SUNDAY AGBONS IGBINERE.

This research focuses on modeling and simulating CO₂ injection and storage in a depleted sandstone reservoir using the CMG-GEM compositional simulator to evaluate the potential of geological carbon sequestration as a sustainable emission reduction strategy. A 3D reservoir model was constructed based on available structural and petrophysical data to replicate the dynamic behavior of CO₂ during and after injection. The simulation was performed under varying pressure and compositional conditions to assess injectivity, storage capacity, and reservoir response over a 69-year period. Results revealed effective CO₂ migration through the formation, with plume dispersion influenced by permeability variations across the ten layers.
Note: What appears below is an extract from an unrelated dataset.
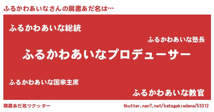 | 男性向けラノベタイトル風あだ名 | 『ふるかわあいなに滅ぼされるだけの簡単なお仕事です』 |
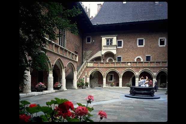 © Misteria Paschalia, 2013 Aujourd’hui, la vie culturelle à Cracovie est foisonnante. Avec le soutien du Ministère de la culture, de la mairie et de son maire, le professeur Jacek Majchrowski, assisté de Magda Sroka pour les affaires culturelles, de Filip Berkowicz, directeur artistique de Misteria Paschalia, le Bureau des Festivals mène une politique active, avec Robert Piaskowski, directeur-adjoint chargé des programmes et coordinateur des projets, pour organiser les festivals de musique ancienne et contemporaine, de théâtre, de cinéma… Autant de témoignages de la vitalité de cette capitale historique, culturelle et universitaire qui a été depuis le Moyen-Age un pôle d’attraction pour les savants et les artistes, une cité ouverte qui a accueilli immigrants et juifs chassés d’autres pays européens. Cracovie moderne allie avec bonheur ce riche héritage venu du passé et un présent avide de créativités en privilégiant tous les domaines liés à la culture. Colloques, rencontres, expositions ponctuent l’année tandis que théâtres, opéra, salle de concert, cinémas accueillent un public nombreux et diversifié. La cité ancienne est entourée d’une ceinture végétale qui remplace les remparts du Moyen Age détruits au XIXème siècle. Il faut franchir cette bande de verdure pour accéder au cœur historique de la cité. Le Rynek, vaste place médiévale du marché bordée de belles maisons Renaissance et palais, est traversé par la Halle aux draps occupée aujourd’hui par des échoppes de souvenirs et d’ambre. La majestueuse église Notre-Dame veille à l’ombre de la place. Outre les somptueux éléments gothiques, les fresques et les vitraux de Jan Matejko (1839-1893), célèbre peintre polonais et de ses élèves, Mehoffer et le merveilleux Wyspianski, elle contient le célèbre retable réalisé au XVème siècle par Veit Stoss, immense polyptique en bois sculpté, peint et doré.

The estimated total CO₂ storage capacity of the reservoir was approximately 136,863 tonnes, indicating substantial potential for long-term containment. Pressure analysis showed a gradual and controlled buildup within safe limits, confirming caprock stability and the absence of leakage or fracture risk. Additionally, the molality plots demonstrated consistent distribution of CO₂ within the formation, with concentration stabilization after a five-year halt and resumption of injection in 2050, reflecting strong reservoir retention. Overall, the study confirms that the selected depleted reservoir can serve as a viable site for CO₂ sequestration. The findings also highlight the importance of optimizing well placement, incorporating residual and mineral trapping mechanisms, and extending simulation timeframes to improve prediction accuracy and long-term storage performance.